### Exercise brief
The expected output is every line of the data exactly as shown, minus the images.

### Dataset content
···

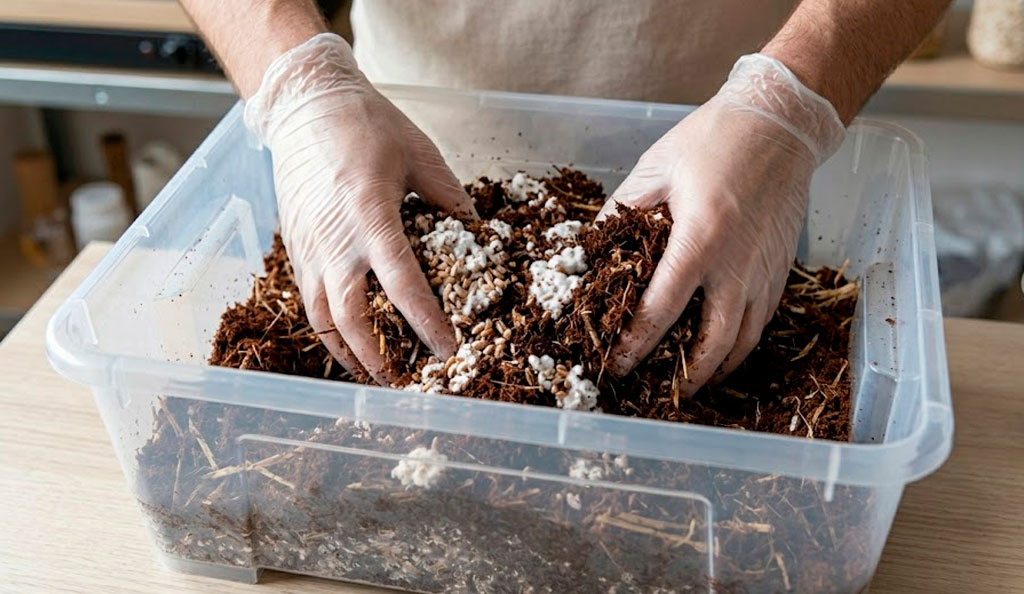 3. Mezclar el micelio con el sustrato
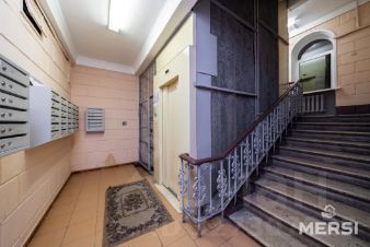 Сталинский фасадный дом. Просторный, чистый подъезд после ремонта. Охраняемая территория (имеется пункт охраны). Видеонаблюдение. Въезд через шлагбаум. ПАРКОВКА во дворе - места всегда есть.
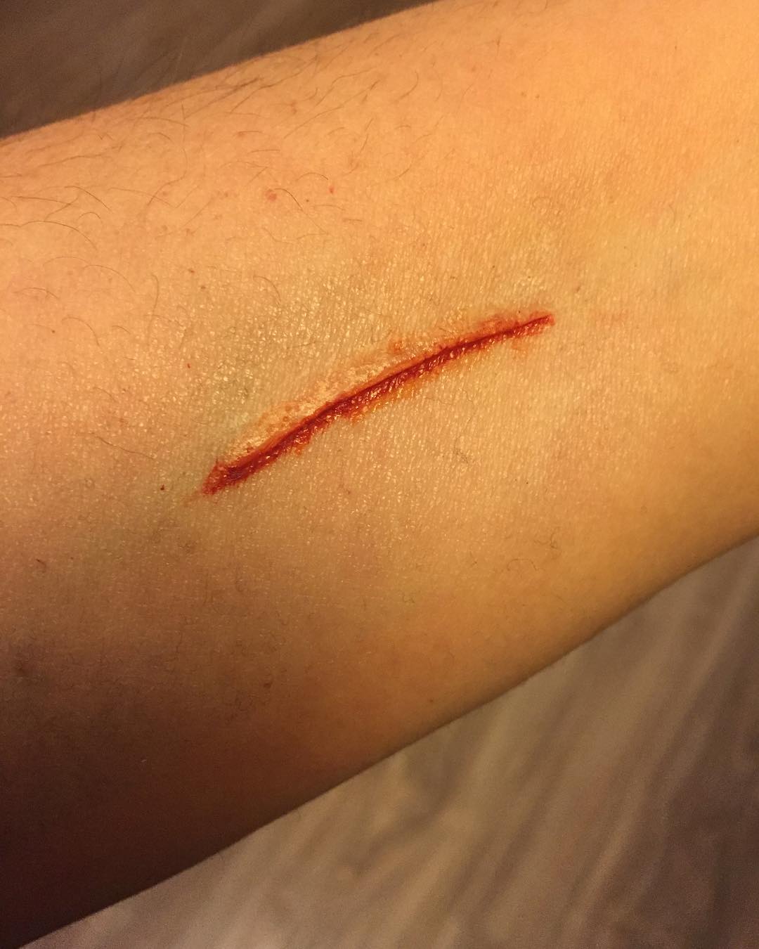 Gash test. Just a flesh wound. #noflilter #makeupeffects #europeanbodyart #fleetstreetbloodworks #titanicfx

···

### Answer below
 3. Mezclar el micelio con el sustrato
 Сталинский фасадный дом. Просторный, чистый подъезд после ремонта. Охраняемая территория (имеется пункт охраны). Видеонаблюдение. Въезд через шлагбаум. ПАРКОВКА во дворе - места всегда есть.
 Gash test. Just a flesh wound. #noflilter #makeupeffects #europeanbodyart #fleetstreetbloodworks #titanicfx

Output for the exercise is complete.